AQUATk: An Audio QUality Assessment Toolkit

NOV 20, 2023

In 2022, my advisor and I published a paper called "Evaluating generative audio systems and their metrics" at ISMIR 2022, where we discussed this set of problems with evaluation of neural audio synthesis techniques at large:

What are the metrics?
Do any of them line up with perception?
How do we evaluate these systems?

While running the experiments necessary to extract sounds and their corresponding metrics, I noticed that the tooling around extracting metrics was not good.
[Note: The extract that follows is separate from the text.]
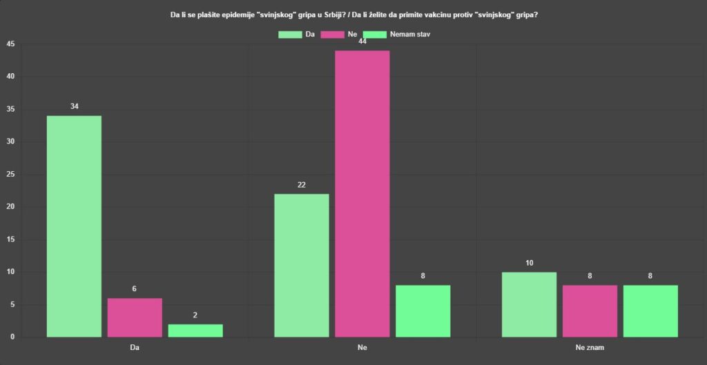 Anketa sprovedena na prigodnom uzorku od 142 ispitanika pokazala je da tokom pandemije A (H1N1) postojala statistički značajna povezanost između straha od virusa tzv. „svinjskog gripa“ i motivacije za vakcinaciju (Pearson Chi-Square = 38.735; df = 4; p = 0.000).

As an example, if I were to compute the Frechet Audio Distance, I'd have to do the following:

Decide if I'm using Tensorflow (the reference implementation) or Pytorch (everyone's favorite framework)
Setup google's entire research repo
Spend time setting up the environment for one directory
Break everything because of tensorflow and numpy
Fix everything somehow
Find that I now have to setup the VGGish model too?
Spend time setting up the environment for another directory
Once VGGish is setup, I can finally extract the embeddings

Broadly, this is a significantly terrible way to extract metrics in my opinion. This is so far behind the curve compared to the tooling available to evaluate things like images and text. For instance, you can just download torchmetrics and use it directly to evaluate your models (which is great!) and while torchmetrics does come with a built in set of metrics for audio, it's not as exhaustive per se.

So, I decided to build a toolkit that would allow me to extract metrics from audio files in a way that is easy to use and easy to extend. It's available on Github. It will be on PyPi soon (check back in a few days).
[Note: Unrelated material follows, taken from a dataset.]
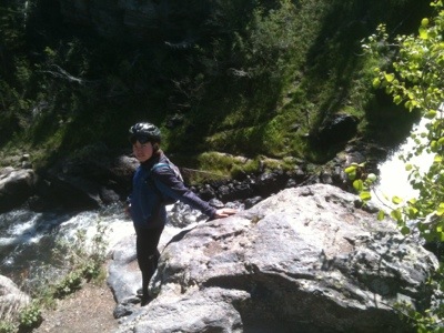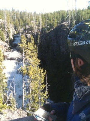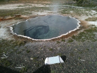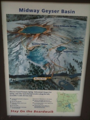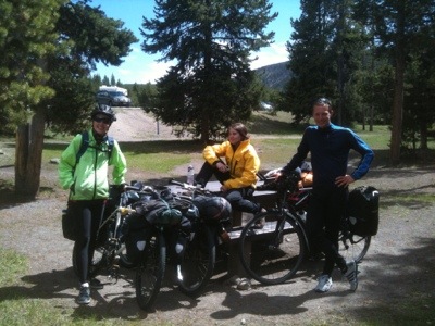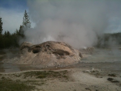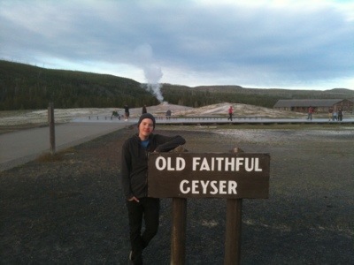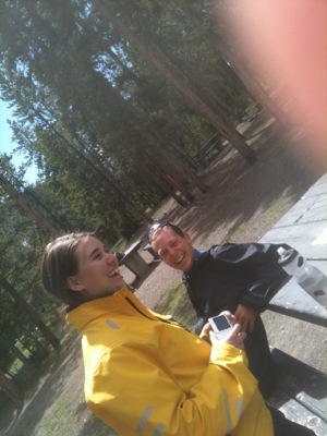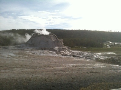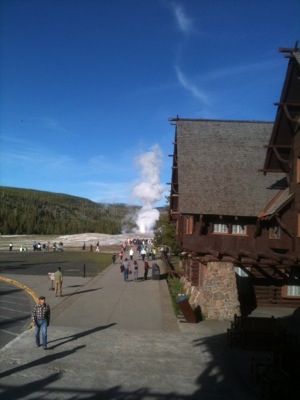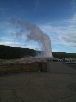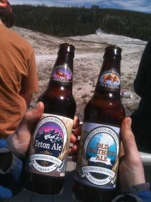 We wrapped up our walk at ten so we would have enough time to pack up before checkout. We got our bags outside just in time to see Old Faithful erupt again. We took a few minutes to watch before packing our bags onto our bikes. By this time it was almost lunch time and we were hungry. We went to the general store and picked up a couple micro brews, one named Old Faithful and the other named the Grand Tetons. We then headed to the closest benches by Old Faithful make sandwiches and wait for once more for the eruption. We watched with hundreds of other people as the geyser made its famous performance. We waited for the crowd to disperse before navigating our way back to the road. Before setting off we checked out the visitor center. On our way we had our picture taken by numerous tourists which always feels kind of strange. It is bizarre being an attraction that people want to photograph. We will be in a bunch of family photo albums!

In the meanwhile, it has support the following metrics:


FAD	Frechet Audio Distance
KID	Kernel Inception Distance
PEAQb	Basic PEAQ
NDB/k	Number of Different Bins over K
SISDR	Scale-Invariant SDR
SNR	Signal-to-Noise Ratio
MAE	Mean Absolute Error
MSE	Mean Squared Error
KL	Kullback-Leibler Divergence

It also has a cool Python port of PEAQ!

I'm still working on adding documentation, more metrics and improving the code quality. If you have any suggestions, please feel free to open an issue on Github!

Looking forward to you using the toolkit!